Scientific classification
- Kingdom: Plantae
- Clade: Tracheophytes
- Clade: Angiosperms
- Clade: Eudicots
- Clade: Asterids
- Order: Gentianales
- Family: Apocynaceae
- Genus: Asclepias
- Species: A. prostrata
- Binomial name: Asclepias prostrata W.H.Blackw.

= Asclepias prostrata =

- Genus: Asclepias
- Species: prostrata
- Authority: W.H.Blackw.
- Conservation status: G1

Species of plant

Asclepias prostrata, commonly known as prostrate milkweed, is a species of perennial plant in the genus Asclepias. It has triangular to elliptical foliage with wavy margins, stems up to 16 inches long, and grows low to the ground (hence the name, which refers to a prostrate growth habit) in sandy soils. Flowering may be dependent on rainfall to bring the plant out of dormancy, but is most typical from April to October. Like other milkweeds, A. prostrata flowers are a food source for pollinator insects such as bees, wasps, and the Monarch butterfly.
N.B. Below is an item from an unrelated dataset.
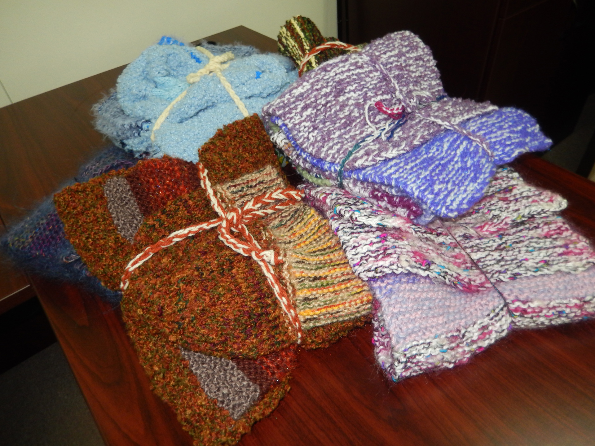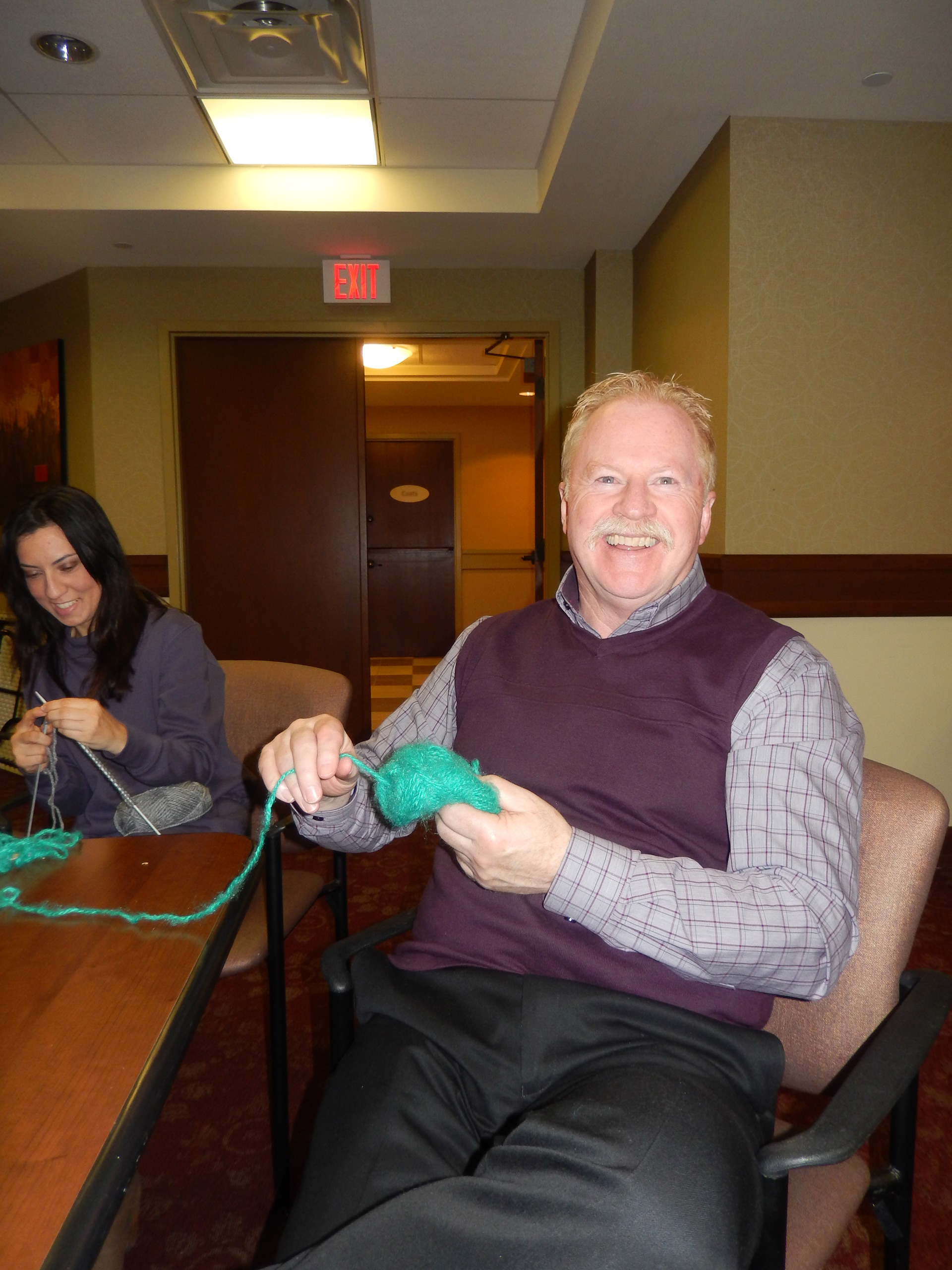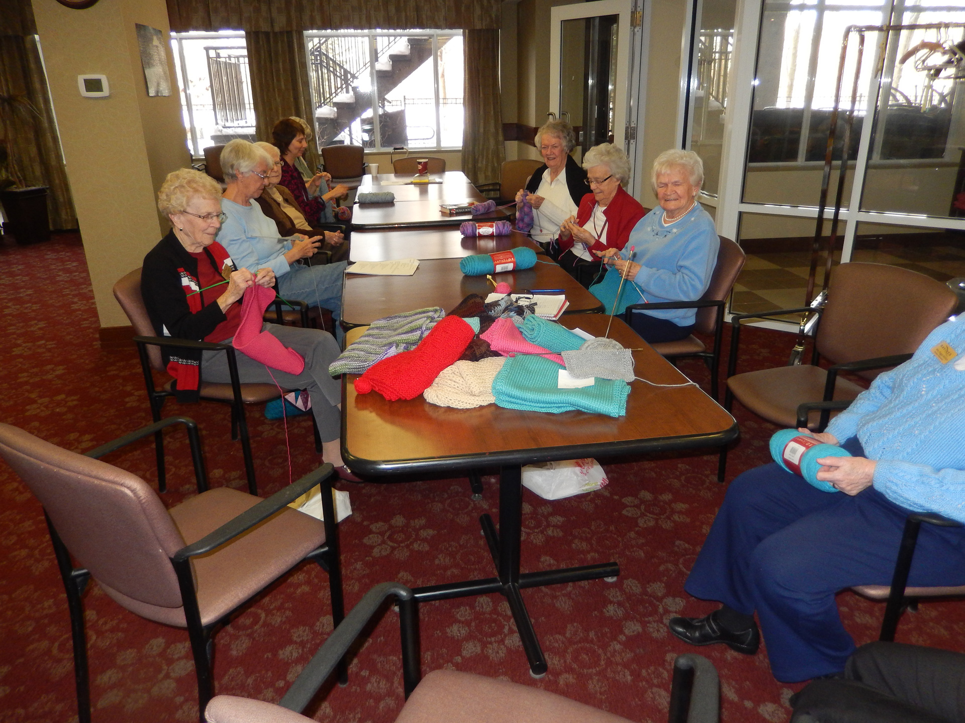 Jeff Turner, Rabbi Bulka and Nancy Oakley went to meet Jessica Dube, Recreation Manager, and the Knitting Club at the Ravines Seniors’ Suites & Retirement Residence. The knitters have completed 11 beautiful handmade scarves for the refugees, and the knitting fun continues.

Native to Starr, Hidalgo, and Zapata counties of South Texas and the Mexican state of Tamaulipas, it is one of the rarest species of milkweed. In 2022, the US Fish & Wildlife Service proposed adding prostrate milkweed to the endangered species list and defining just under 700 acres of critical habitats that should be protected in order to preserve it. It is most threatened by habitat loss due to human development and invasive species such as buffelgrass.